String Fingerprints
Strings. This is the data type that Amazon Redshift reports account for more than 50% of its fleet data (van Renen et al., 2024). As the amount of string data to scan increases, queries become slower, therefore query engines require fast pre-filters to accelerate them.
However, when it comes to query execution on string-valued columns, systems provide only limited solutions. To see an example, note that modern file formats such as Parquet, while they have the celebrated min/max zonemaps to skip non-matching row groups, they lack zonemaps to skip infix LIKE predicates such as WHERE comment LIKE '%fox%'. Indeed, min/max zonemaps can only help in the case of prefix LIKE predicates, as in (Zimmerer et al., 2025). Other zonemap structures, like bloom filters, as in Postgres or Parquet, also don’t help here, as we’d have to insert all possible substrings of a row group’s strings.
This is where string fingerprints (Stoian et al., 2025) come into play. In this blog post, we only outline how they can help to skip non-matching rows. Extending them to row groups is an (exciting) work in progress.
String Fingerprints
The original idea of string fingerprints came to us last year on a train trip from Nuremberg to Munich. We wanted to have a way to skip as many non-matching tuples as possible for a LIKE predicate. Our first idea was pretty simple: If a string does not contain all letters of a pattern, then it can’t contain it.
Now, you don’t want to store a bitmap for all possible letters – this would be too much overhead. Instead, we can cluster the letters into some bins, and mark the bins that have the letters contained in the to-be-fingerprinted string. Let’s do our favorite example – how to fingerprint the string “nutella”, given the following partitioning of the alphabet:
You can see that the blue letters (n, t, e) are mapped to the 3rd bin, while the brown letters are mapped to the 1st bin. Therefore, the fingerprint reads: 1010.

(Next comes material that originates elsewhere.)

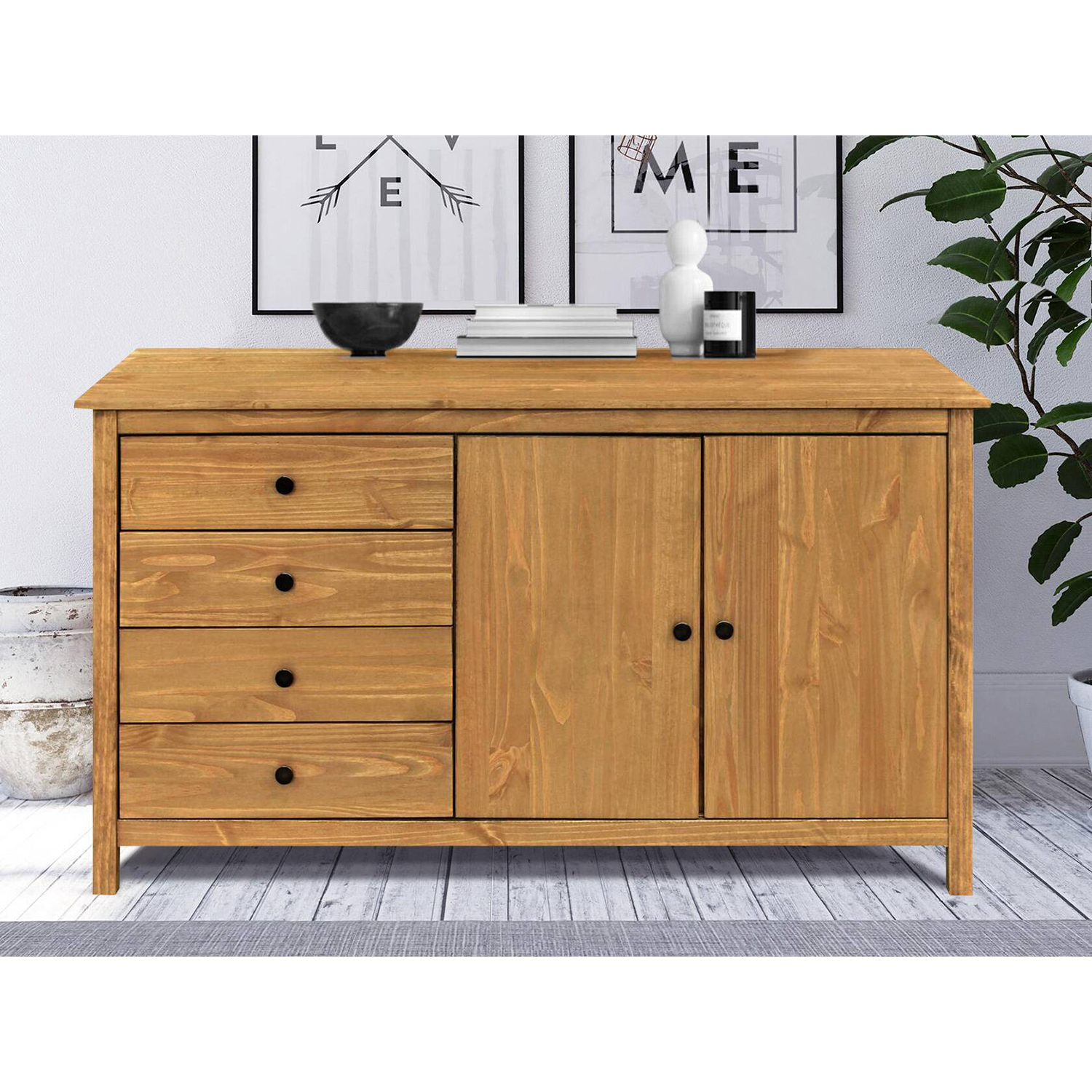 Код продукта: 8061Vmateriál masiv borovice voskovaná v medovém odstínu kovové úchytky v barevném provedení černěná mosaz 3 zásuvky s kovovými pojezdy, 3 plné dveře, 2 police maximální nosnosti uvedeny v návodu k montáži

Let’s now fingerprint more strings. To this end, consider the column spelling of the following table and its fingerprints in str_fp. The first row is “nutella” (we already did it above). Now we come to “unt”, which gets the same fingerprint. Finally, “thon” is mapped to 0111.

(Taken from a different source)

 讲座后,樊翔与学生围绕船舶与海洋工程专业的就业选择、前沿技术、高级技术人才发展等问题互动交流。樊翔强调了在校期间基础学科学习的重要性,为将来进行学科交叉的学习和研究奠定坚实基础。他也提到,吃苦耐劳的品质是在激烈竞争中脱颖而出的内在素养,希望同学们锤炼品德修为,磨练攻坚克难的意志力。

Assume now you’re performing a filter WHERE spelling LIKE '%utn%'. We simply have to fingerprint the pattern, in this case 1010, and check which table fingerprints don’t contain it, i.e., there exists at least one bin where the pattern has a 1 while the considered row fingerprint does not. We see that 1010 is not contained in 0111 – there’s a mismatch already at the first bin. This means, the LIKE predicate would anyway evaluate to false for this row, so we can skip it.
Optimizing the Partition
Whenever I present string fingerprints, the first question I get is: “But how do you optimize the partition?”. If you have no information about your query workload, taking a random mapping is enough (we just chose a round-robin placement; basically each letter is mapped to ASCII(letter) % 4). But let’s say you have the workload; say your customer provides you with that. In that case, you can do better.
At UTN, we strive to be interdisciplinary. As the last slide of my PhD proposal deck, I pitched the idea of having string zonemaps to Johannes Thürauf, our professor for Discrete Optimization. He liked it, so we decided, given his expertise, that it’d be a promising idea to optimize the partition. Two weeks later, we had the mixed-integer program (MIP) and could then test it. The idea is to optimize the false positive rate of your string fingerprints using the column data and the query workload. You can read more about the MIP in the 2nd section of our paper.
Community Adoption
I was very happy to see that string fingerprints got adopted very quickly. For instance, SqueezeCache (coming from its parent project, LiquidCache) uses 32-bit string fingerprints in their cache data structure to skip scanning the mapped Parquet rows.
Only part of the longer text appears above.